Displays username, but not maiden or last name.

[Scotty13]

This just displays the username aka first name. I want it to also display the member’s last name and maiden name if they have one. /////// Mechanism to Display Real Name Next to Username - real name(username) //////////////////////////if ($firstname != "") {$mainNameLine = "$firstname $maidenname $lastname ($username)";$username = $firstname;} else {$mainNameLine = $username; $maidenname; $lastname;} I want to display maiden and last name along with the user name. I've tried everything I could think of. Any suggestions? Thanks,Scott

[ckrudelux]

To start with you can't use end of line like this.

$mainNameLine = $username; $maidenname; $lastname;

Should be like this.

$mainNameLine = $username . $maidenname . $lastname;

Also you maybe want some space between them?

$mainNameLine = $username ." ". $maidenname ." ". $lastname;

This is how you could add everything to one variable:

//If firstname is not null set firstname else set usernameif($firstname)$mainNameLine = $firstname;else$mainNameLine = $username; //If maidenname is not null add maidennameif($maidenname)$mainNameLine .= " ".$maidenname; //If lastname is not null add lastnameif($lastname)$mainNameLine .= " ".$lastname; //If firstname is not null add usernameif($firstname)$mainNameLine .= " (".$username.")";

" .= " adds to the current value while " = " set the value.

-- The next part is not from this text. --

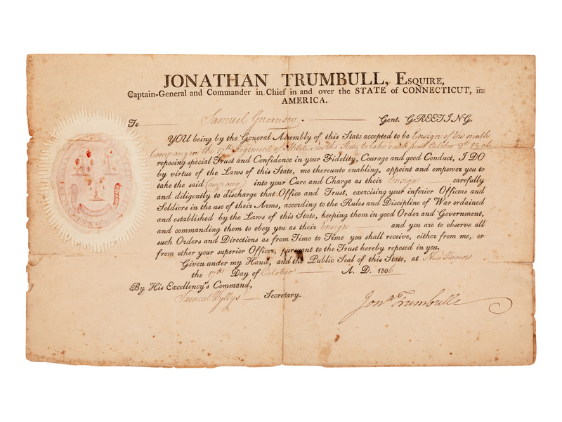 1 page, small folio, bifolium, separations along creases repaired verso, some spotting. With the embossed paper seal of the state of Connecticut. Appointing Samuel Guernsey Ensign of the ninth Company in the 17th regiment of the Connecticut Militia, effective October 2nd, 1806.

Edited May 6, 2012 by ckrudelux

[birbal]

$mainNameLine = $username ." ". $maidenname ." ". $lastname;

it is fine. but it is best to not to use concatenate oprator where possible. it makes the code harder to read

$mainNameLine = "$username $maidenname $lastname";

you can also interpolate variables for better readbility

$mainNameLine = "{$username} {$maidenname} {$lastname}";

the obvious usage of concatenate oprator is when you need directly put the return value of a function in string or need to concat constant in string also if there is no sureity of existance of a variable it best to use isset(). without isset() if it does not exist it will throw a notice and will try to convert null to bool which behvaour is unpredictable. so it is avoidable

Edited May 6, 2012 by birbal

[ckrudelux]

I guess this is a matter of taste but I would say that this makes the code harder to read. Using the {} makes it better but still messy.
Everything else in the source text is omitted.